EL HERMANO VICTORINO DE LA SALLE EN EL TESTIMONIO DE UN SANTO

Fecha de nacimiento: 3 de diciembre de 1902 en Tortejada, Teruel. Fecha de martirio: 11 de noviembre de 1936 en Torredembarra. Beatificación: 13 de octubre de 2013 en Tarragona.

Me llamo Mariano Navarro Blasco, natural de Tortejada, Teruel e hijo de Pedro y Filomena. En mi infancia pasaban los Hermanos reclutadores por nuestro pueblo motivando a los chicos a ser generosos con Jesús y seguirle en la vida consagrada. Uno de mis amigos, José Esteban fue el primero en marchar al Noviciado Menor de Cambrils. Yo tenía doce años y también quise acompañarle, pero mi edad imposibilitó mi ingreso en ese año en la casa de formación.
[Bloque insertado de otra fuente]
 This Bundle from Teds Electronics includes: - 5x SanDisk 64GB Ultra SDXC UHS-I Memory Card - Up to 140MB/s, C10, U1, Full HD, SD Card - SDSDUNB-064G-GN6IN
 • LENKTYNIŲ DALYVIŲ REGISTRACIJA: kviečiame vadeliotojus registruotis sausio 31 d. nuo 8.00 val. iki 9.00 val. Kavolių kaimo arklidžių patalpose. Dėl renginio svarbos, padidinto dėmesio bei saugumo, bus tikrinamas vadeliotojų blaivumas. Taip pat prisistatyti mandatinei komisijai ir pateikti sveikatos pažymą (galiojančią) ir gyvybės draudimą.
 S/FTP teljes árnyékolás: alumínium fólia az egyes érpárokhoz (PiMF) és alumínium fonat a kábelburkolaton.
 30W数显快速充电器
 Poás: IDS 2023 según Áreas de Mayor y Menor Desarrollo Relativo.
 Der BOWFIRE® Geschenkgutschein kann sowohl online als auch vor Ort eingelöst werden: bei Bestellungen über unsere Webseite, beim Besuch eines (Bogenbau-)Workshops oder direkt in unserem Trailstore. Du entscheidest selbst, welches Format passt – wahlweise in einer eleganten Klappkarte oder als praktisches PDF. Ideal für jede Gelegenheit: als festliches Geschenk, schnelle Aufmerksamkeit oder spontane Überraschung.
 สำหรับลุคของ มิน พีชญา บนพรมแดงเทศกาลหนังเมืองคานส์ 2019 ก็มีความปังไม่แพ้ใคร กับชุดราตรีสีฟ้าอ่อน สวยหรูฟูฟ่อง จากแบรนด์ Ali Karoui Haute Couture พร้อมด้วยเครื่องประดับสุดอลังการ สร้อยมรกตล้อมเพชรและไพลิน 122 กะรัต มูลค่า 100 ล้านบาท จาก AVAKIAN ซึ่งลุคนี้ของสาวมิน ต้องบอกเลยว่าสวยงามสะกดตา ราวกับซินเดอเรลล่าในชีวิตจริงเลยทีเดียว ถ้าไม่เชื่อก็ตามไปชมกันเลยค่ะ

Tuve que esperar dos años más tarde para poder dejar mi casa y mi familia en pos de Jesús al estilo de Juan Bautista de La Salle.

En la fiesta de Todos los Santos de 1918 recibí el hábito religioso y me pusieron el nombre religioso de Hno. Jenaro. Aquella mañana el maestro de novicios nos había dirigido la meditación tomando el texto de nuestro Fundador: “desde que se usa este hábito no se tiene otra idea que la de permanecer en esta comunidad toda la vida”. Al ponerme el hábito pedí al Señor poder perseverar e mi vocación hasta el final de mis días.

Mi primera obediencia llegó en 1920, al destinarme a la escuela “Sagrado Corazón” de Cambrils. Aquí empecé mi labor docente y guardo hermosos recuerdos de esos primeros meses. En 1922 fui destinado al Colegio “Sagrado Corazón” de Tarragona. Coincidió mi llegada con el traslado de los locales desde la calle Roger de Llúria a los terrenos de la calle de Estanisau Figueras. El nuevo edificio estaba en construcción, y por doquier había cemento, ladrillos y yeso. El Hno. Director Agapet – Marie viendo la escasez de personal y el aumento de chicos buscaba opciones para los nuevos desafíos escolares.

En 1928 cuando las obras de construcción en el edificio terminaba y llegaban nuevos Hermanos para reforzar la obra lasallista me destinaron al colegio San Juan Bautista de La Salle en El Vedado, Cuba.

Por entonces el Hno. Victorino de la comunidad lasallista de El Vedado había dado inicios a la Acción Católica y aunque algunos Hermanos no veían a bien aquella obra externa, sin embargo aquella pequeña semilla dio frutos abundantes en el colegio y en el país. Numerosas vocaciones al sacerdocio, a la vida religiosa y al matrimonio fueron el resultado de su empeño y de tantos sacrificios.

En 1931 regresé a España, ahora iba con destino al colegio “Sagrado Corazón” de Manlleu y en 1933 a mi querido colegio de Tarragona. En estos colegios intenté aplicar lo observado y vivido por los Hermanos en Cuba: promover la relación cordial y fraterna con los alumnos, atraer a los antiguos alumnos para vivir con ellos su fe adulta, comprometerlos en obras apostólicas. Cada encuentro con ellos era un modo de hacer presente a Dios en sus vidas y acompañarles nuevamente en las prácticas sacramentales, en las Misas y devociones escolares. Con ellos empecé el apostolado de Acción Católica, promoviendo las prácticas espirituales en los chicos de Bachillerato y Comercio.

Al empezar la guerra civil española, fui detenido y encarcelado en el barco – prisión Río Segre. Allí me encontré con numerosos compañeros de mi Comunidad Lasallista, sacerdotes, religiosos y seglares. En la saca del 11 de noviembre de 1936 fui elegido al azar y con un grupo de otros 23 presos fuimos llevados a tierra. En el grupo iban algunos sacerdotes, varios Carmelitas de la Enseñanza y el Hno. Gilberto de Jesús de la comunidad de la “Casa Provincial – Procuradoría – Bruño” de Barcelona, que se hallaba en la casa “Sagrado Corazón” de Cambrils recuperando la salud. En el puerto nos obligarn a subir a un camión y en el pueblo de Torredembarra alcanzamos la palma del martirio.